I was finally away from all this, breaking free the way I wish I could have done back then and who should appear to drag my ass back into that pit, but good ol’ Buddy.

“It’s my nephew, Nick again. He’s twenty now, a Trojan. You know how it is…” he punctuates this with a sick laugh. “Anyway, he’s in a little bit of trouble again, but nothing you can’t handle.”

Great, that shithead again. Nick was up for armed robbery his freshman year and I still had nightmares recalling my brutal cross-exam of the prosecution’s primary witness.

“Sorry, I can’t take the case. I’m out of the business.”

Dude, I need you. If it hadn’t been for you last time, poor kid would have lost his future. Come on, Mason, for old time’s sake…”

Wrong tactic.

I remain firm. “Can’t do it, man.”

Buddy sighs. “I didn’t want it to be like this, brother, but you owe me. Come on, man, just do this solid for me.”

I owe him jack shit, but in Buddy’s twisted mind, of course he would see things that way. Still, I don’t need him causing trouble for me. For a second, I hesitate.

This is your test. You’ve got a fresh start here. You don’t have to be that guy anymore.

“I’ve moved on with my life, I’m not who I used to be,” I tell him. “The answer is no and it’s not changing.”

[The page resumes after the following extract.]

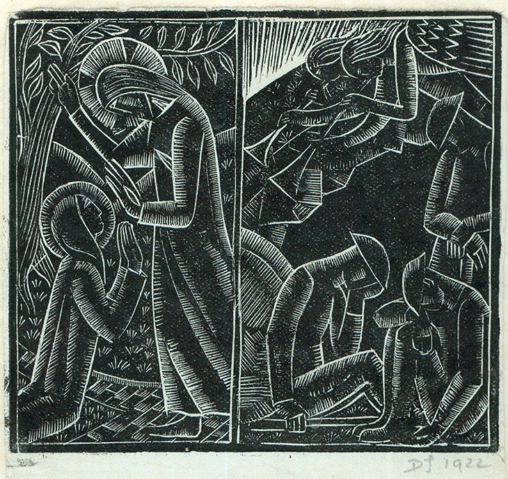 The same is true, though in reverse, in David Jones’s beautiful wood engraving Noli Me Tangere/Soldiers at the Tomb (1922). Here, a similar idea about the meaning of touch and the tomb is expressed by inverted means. In engraving, lines cut into the wood show white, giving a chalky radiance to Jones’s figures; blank space is, correspondingly, black. On the right-hand side of the picture, sleeping soldiers – at once the biblical Romans set before the tomb to guard it, and exhausted servicemen of the First World War – rest before the absolute black of the tomb space, from which, in their inattention, the stone has been rolled back. The tomb here is also a dugout, at once historicising the noli me tangere in Jones’s recent experience and making reference to the gouging and digging tools that are the common implements of the artist and of Christ as gardener, though here, paradoxically, rendered through the largest untouched section of the block. It makes literal and contradicts the latent pun in ‘engraving’ at the same time. The tomb’s dark is the only uninterrupted expanse of blankness in the image: everywhere else, ground is diversified with paving or grass, surface with contour, sky with rays. The angels’ trumpets direct us instead to the twofold figure of Mary and Jesus, the bright counter to the blankness of the tomb. Here, the avoidance of touch has moved directly into benediction, and Mary, rather than reaching for Jesus, raises her hands as if to receive a blessing, a willing acceptance of distance.

His tone changes. “What the hell? You think you can just hide in some little hole in the country like a little bitch? You’re a Beckett, you’ll always be a Beckett, so do what Beckett’s do…” He’s going on now and I don’t have time for it.

“Fuck off, Buddy.”

I hang up the phone and enjoy the acute satisfaction for a minute. Fucking Buddy. What is it with the hostility today? Maybe it’s the full moon. Shit, am I becoming superstitious after less than three months in the country?

I shake the thought away as I turn the ringer off and put the phone back in the drawer, hoping to lock away any secrets with it.

In the back of my mind, I know Buddy could cause one hell of a shit storm for me. There is history between us, secrets I don’t want aired to the world, and I’m hoping I didn’t just set a train wreck into motion.